Yaşamı boyunca tiyatronun ne denli önemli bir sanat dalı olduğuna dikkat çekmekten vazgeçmeyen Kenter, zaman zaman nezaket dolu sözlerle toplumun sanat algısını eleştirmekten geri durmaz. Tiyatronun sadece eğlence tarafıyla algılandığından dert yanar. Tiyatronun sosyal bilimlerin felsefe, tarih, kültür tarihi gibi dalları, dans, müzik gibi sanat alanlarında derinlemesine bilgi istediğinden ve tiyatrocuların böyle bir eğitimden geçtiklerini anlatmaktan vazgeçmez. Tiyatronun ona verdiği itibarı, tiyatroya geri vermek için bir ömür boyu didinir. Kenter’lerin ailece verdikleri emekler, yetiştirdikleri öğrenciler bugün Türk tiyatrosunun omurgasında önemli halkaları oluşturuyor.

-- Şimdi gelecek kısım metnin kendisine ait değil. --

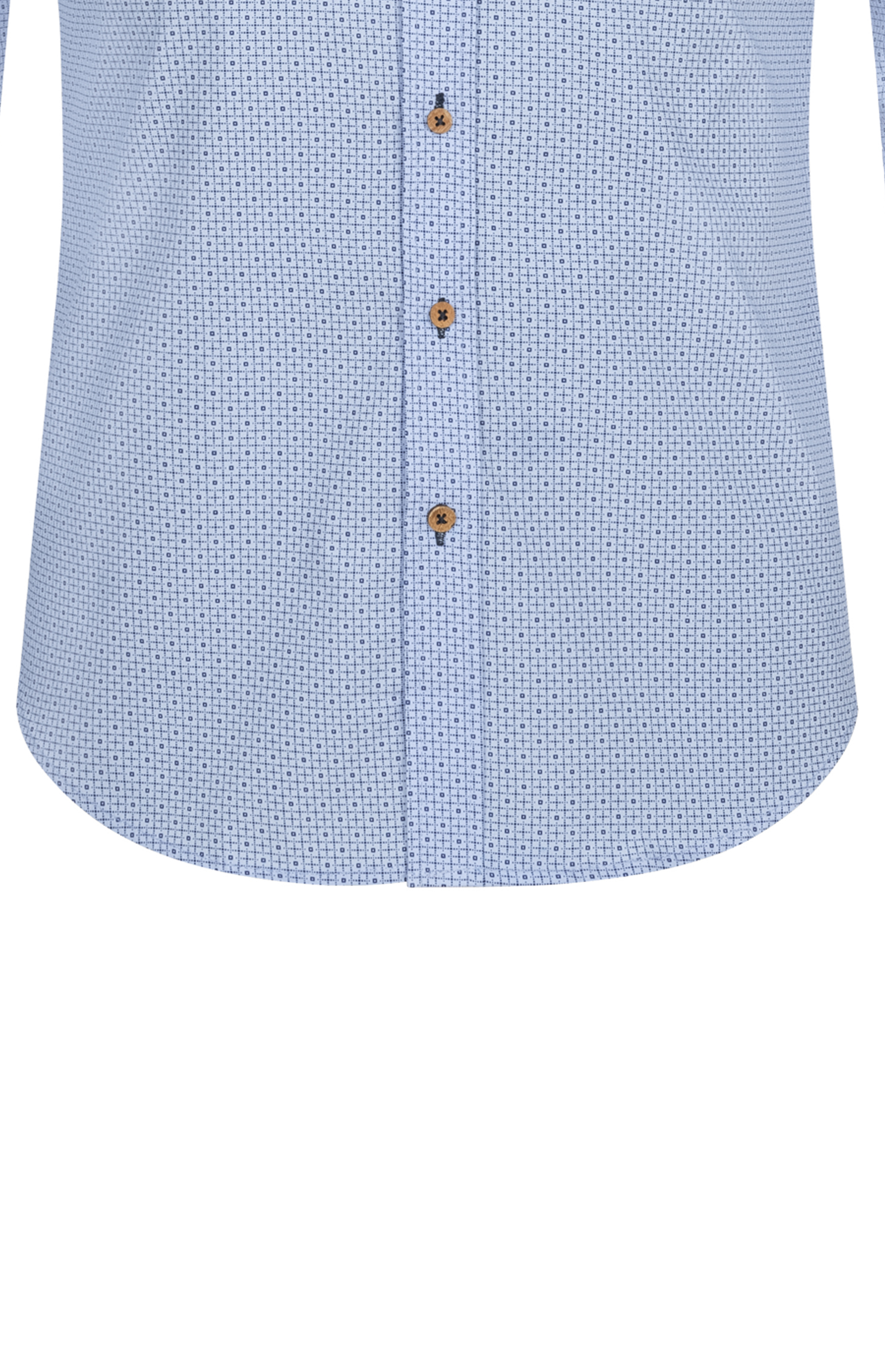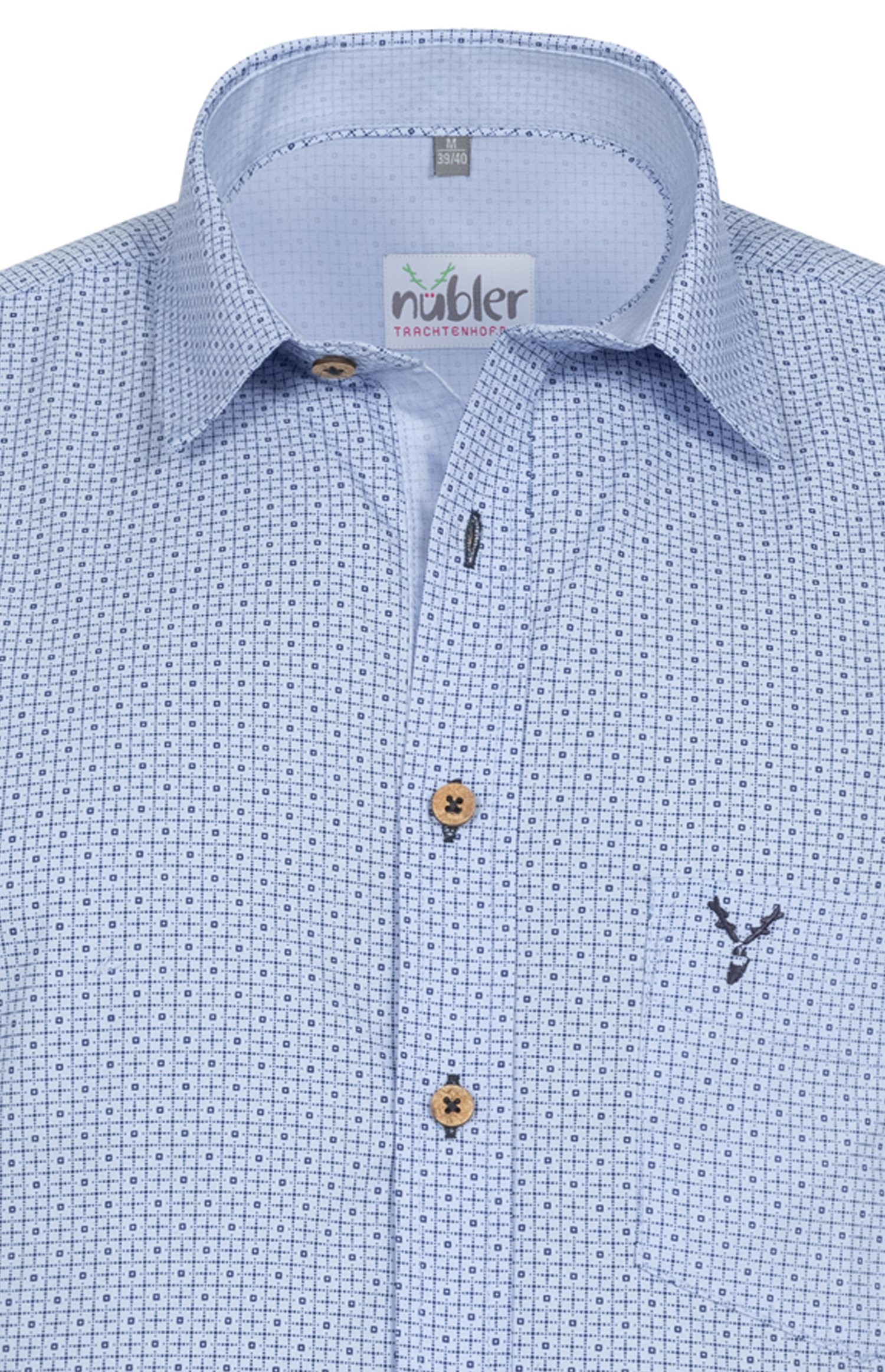 Mit dem Trachtenhemd Pelle in Blau aus dem Hause Nübler sind Sie auf jeder Festlichkeit perfekt gekleidet. Das Hemd ist mit einem dezenten geometrischen Muster aus kleinen, dunklen Quadraten. Es hat braune Knöpfe auf der Vorderseite und an den Manschetten. Auf der linken Seite befindet sich ein gestickter Hirsch in der Farbe Dunkelblau. Dieses Trachtenhemd passt sowohl zur Lederhose als auch zu jeder Jeans. Es kann im Alltag als auch auf jeder Kirchweih, Volksfest oder Familienfest getragen werden.

Kenter Tiyatrosu ile ilgili gelişmeleri üzüntüyle karşılayan Yıldız Kenter, son röportajlarından birinde, ‘Tabii ki Kenter Tiyatrosunun bugünkü haline üzülüyorum. Mümkün mü üzülmemek? Onca emek harcayarak ortaya çıkardığımız böyle bir tiyatronun satılmasını değil, yaşatılmasını, yaşamasını istiyorum. Hayatta en büyük arzum bu. Ama Kenter Tiyatrosunu yaşatmak için çağrı yapmak bana düşmez. Asla böyle bir şey yapmayı düşünmem” sözleri bugün artık vasiyet niteliğinde.
Duyulması, korunması ve yerine getirilmesi dileğiyle… Ruhu şad olsun…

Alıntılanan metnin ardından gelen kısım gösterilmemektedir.